(Extracted records)
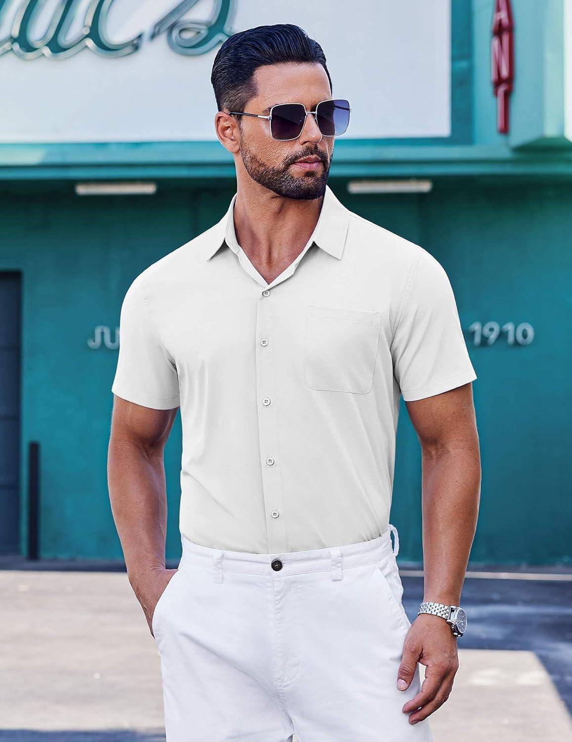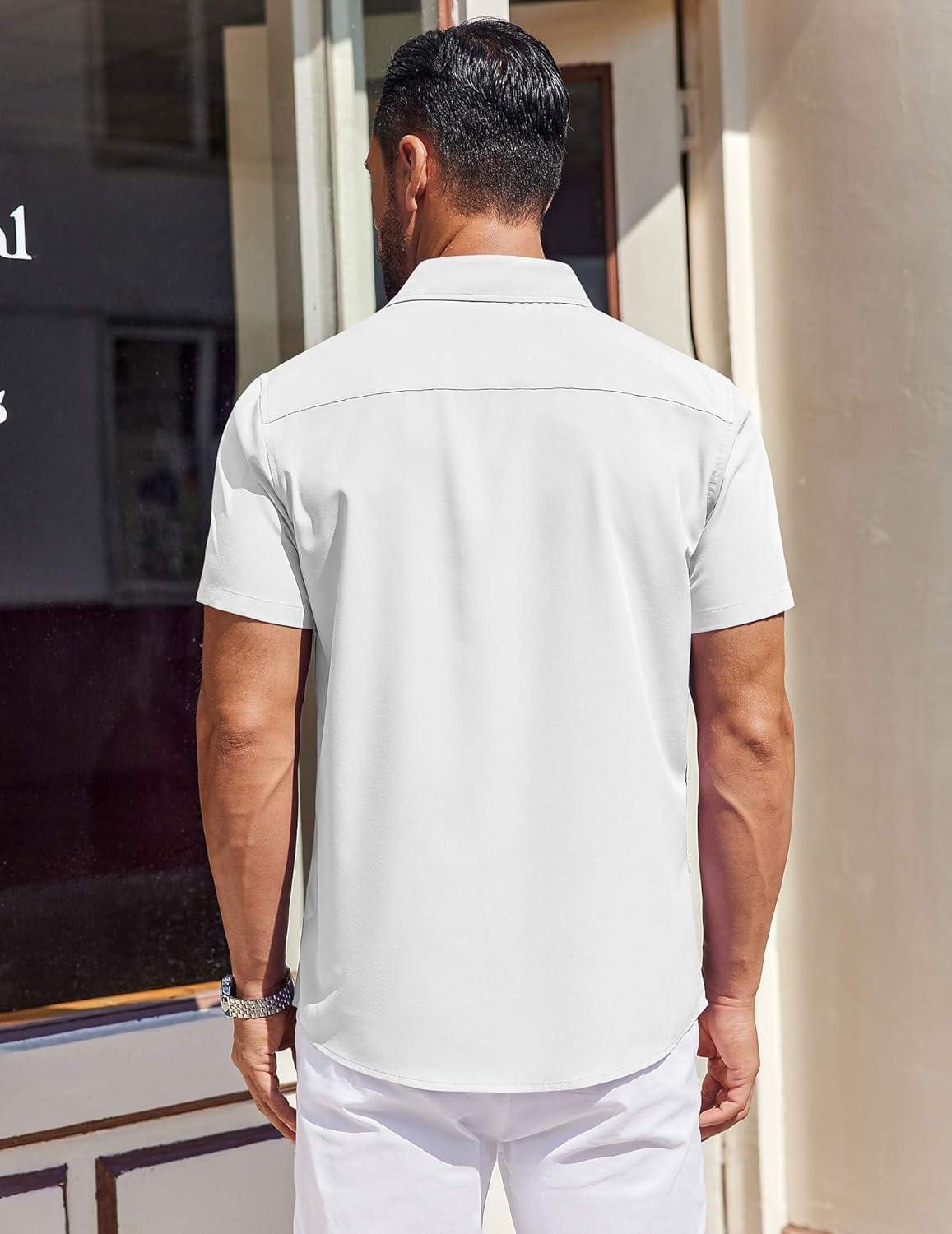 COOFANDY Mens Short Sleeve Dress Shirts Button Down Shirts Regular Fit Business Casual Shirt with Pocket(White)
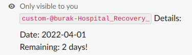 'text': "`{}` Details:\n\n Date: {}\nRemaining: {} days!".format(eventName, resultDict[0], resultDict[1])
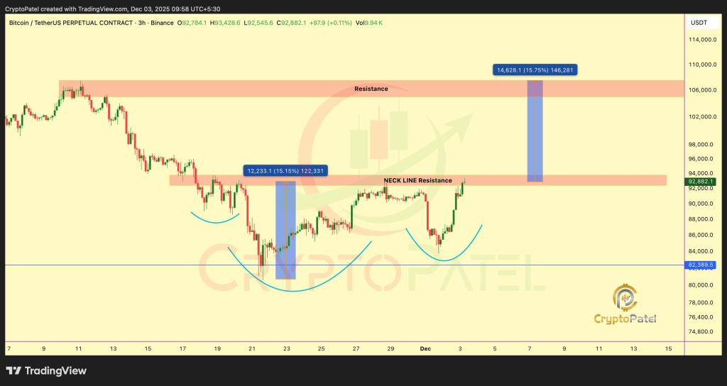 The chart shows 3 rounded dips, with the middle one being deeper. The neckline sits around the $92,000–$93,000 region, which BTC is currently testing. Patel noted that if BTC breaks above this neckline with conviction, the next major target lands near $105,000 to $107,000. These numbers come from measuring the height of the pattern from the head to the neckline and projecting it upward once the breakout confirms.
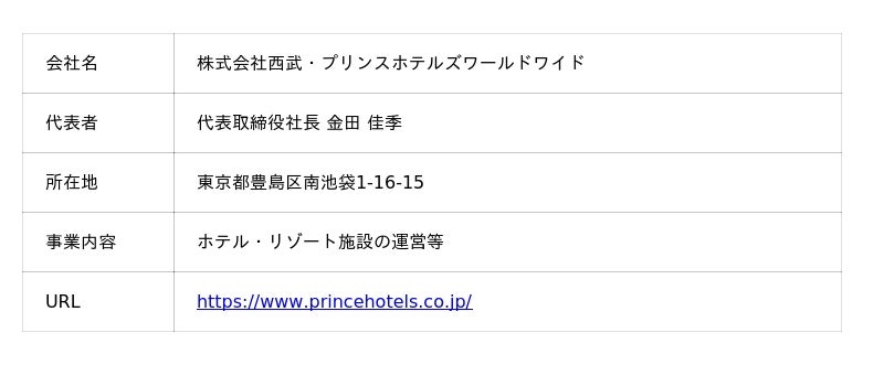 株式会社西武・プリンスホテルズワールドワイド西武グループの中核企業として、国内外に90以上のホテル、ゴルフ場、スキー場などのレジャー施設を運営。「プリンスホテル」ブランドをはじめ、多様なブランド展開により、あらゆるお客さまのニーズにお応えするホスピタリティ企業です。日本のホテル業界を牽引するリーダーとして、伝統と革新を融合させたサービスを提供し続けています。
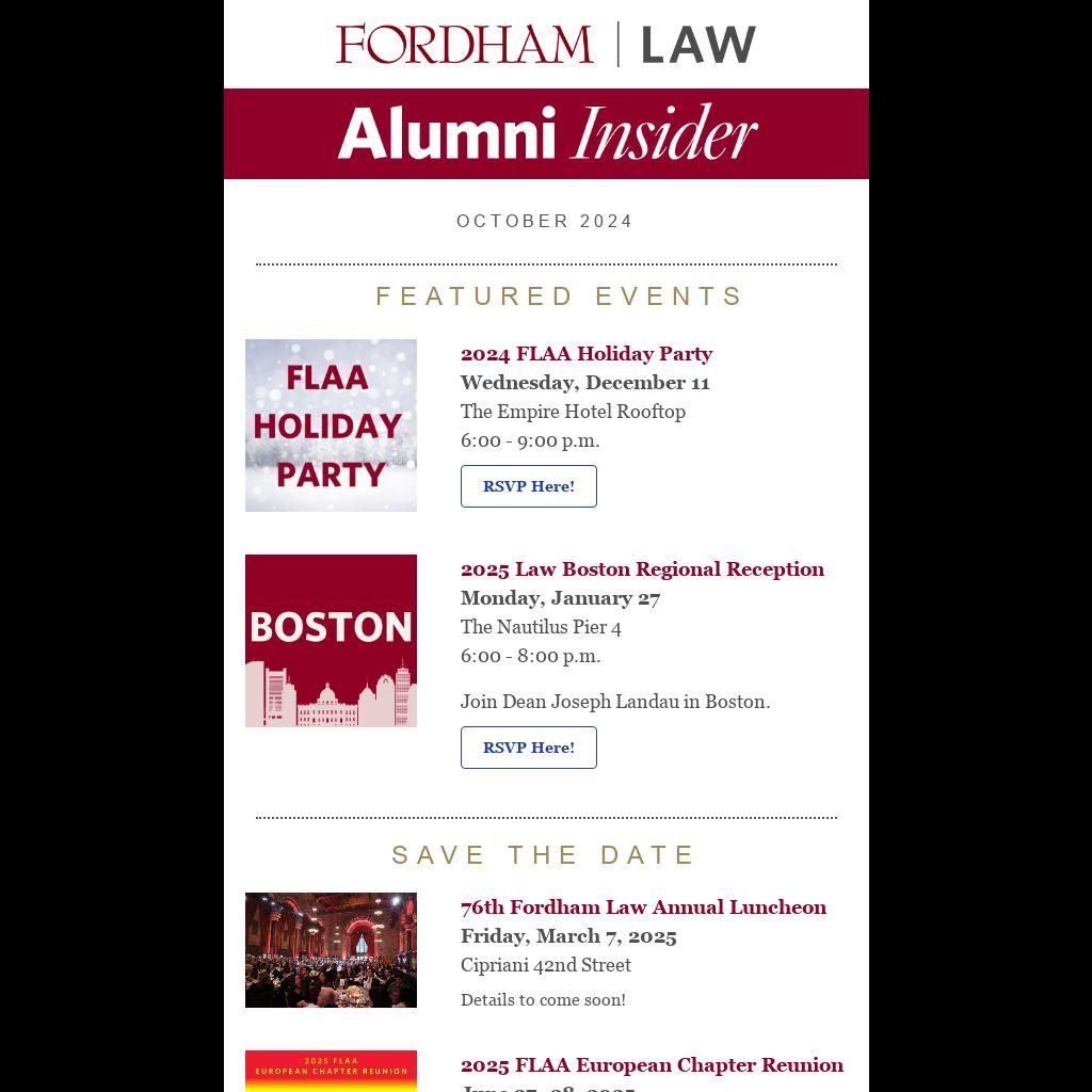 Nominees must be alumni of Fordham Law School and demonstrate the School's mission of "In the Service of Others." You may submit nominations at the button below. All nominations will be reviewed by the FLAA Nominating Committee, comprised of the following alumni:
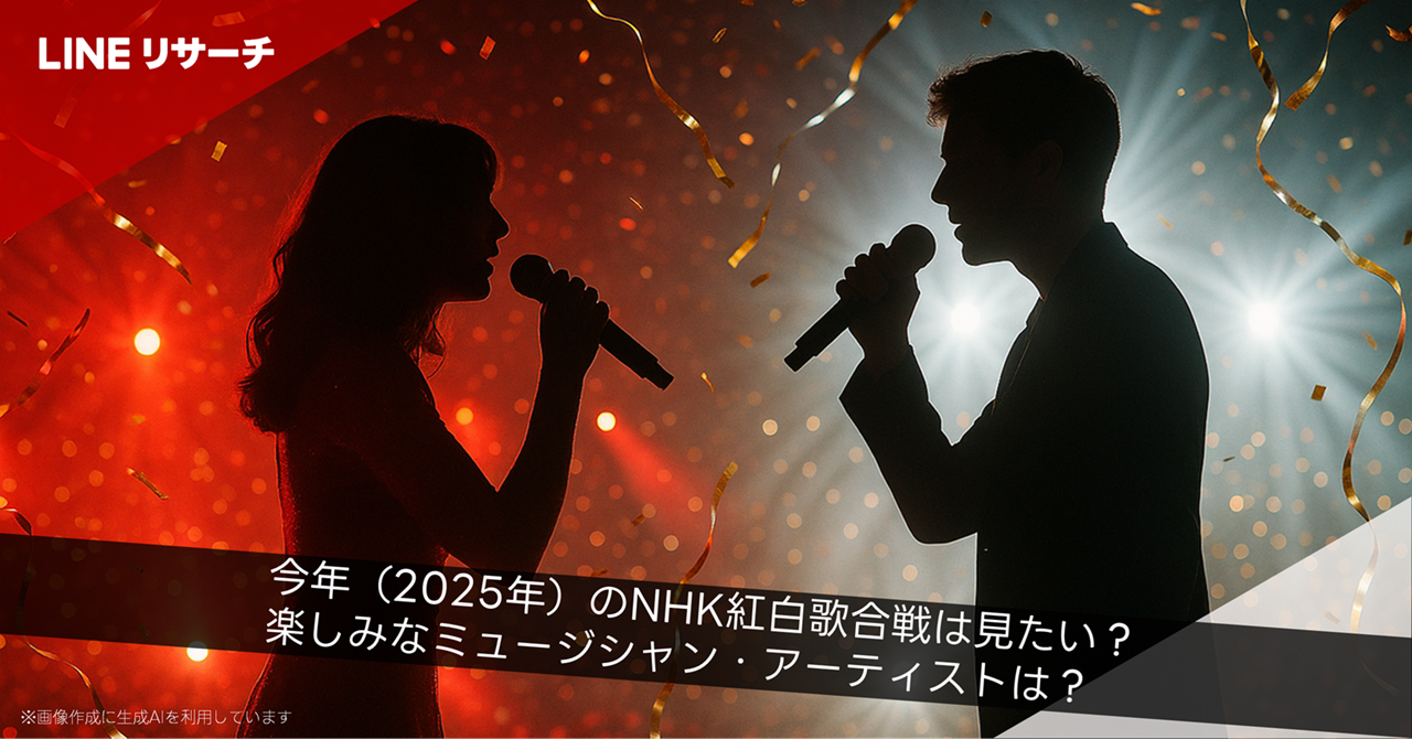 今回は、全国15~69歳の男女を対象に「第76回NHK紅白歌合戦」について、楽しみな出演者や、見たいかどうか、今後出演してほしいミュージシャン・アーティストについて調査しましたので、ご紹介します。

§ **ASSIGNED TASK**: Restate the data above word for word. Skip every picture.

§ **EXERCISE RESPONSE**:
 COOFANDY Mens Short Sleeve Dress Shirts Button Down Shirts Regular Fit Business Casual Shirt with Pocket(White)
 'text': "`{}` Details:\n\n Date: {}\nRemaining: {} days!".format(eventName, resultDict[0], resultDict[1])
 The chart shows 3 rounded dips, with the middle one being deeper. The neckline sits around the $92,000–$93,000 region, which BTC is currently testing. Patel noted that if BTC breaks above this neckline with conviction, the next major target lands near $105,000 to $107,000. These numbers come from measuring the height of the pattern from the head to the neckline and projecting it upward once the breakout confirms.
 株式会社西武・プリンスホテルズワールドワイド西武グループの中核企業として、国内外に90以上のホテル、ゴルフ場、スキー場などのレジャー施設を運営。「プリンスホテル」ブランドをはじめ、多様なブランド展開により、あらゆるお客さまのニーズにお応えするホスピタリティ企業です。日本のホテル業界を牽引するリーダーとして、伝統と革新を融合させたサービスを提供し続けています。
 Nominees must be alumni of Fordham Law School and demonstrate the School's mission of "In the Service of Others." You may submit nominations at the button below. All nominations will be reviewed by the FLAA Nominating Committee, comprised of the following alumni:
 今回は、全国15~69歳の男女を対象に「第76回NHK紅白歌合戦」について、楽しみな出演者や、見たいかどうか、今後出演してほしいミュージシャン・アーティストについて調査しましたので、ご紹介します。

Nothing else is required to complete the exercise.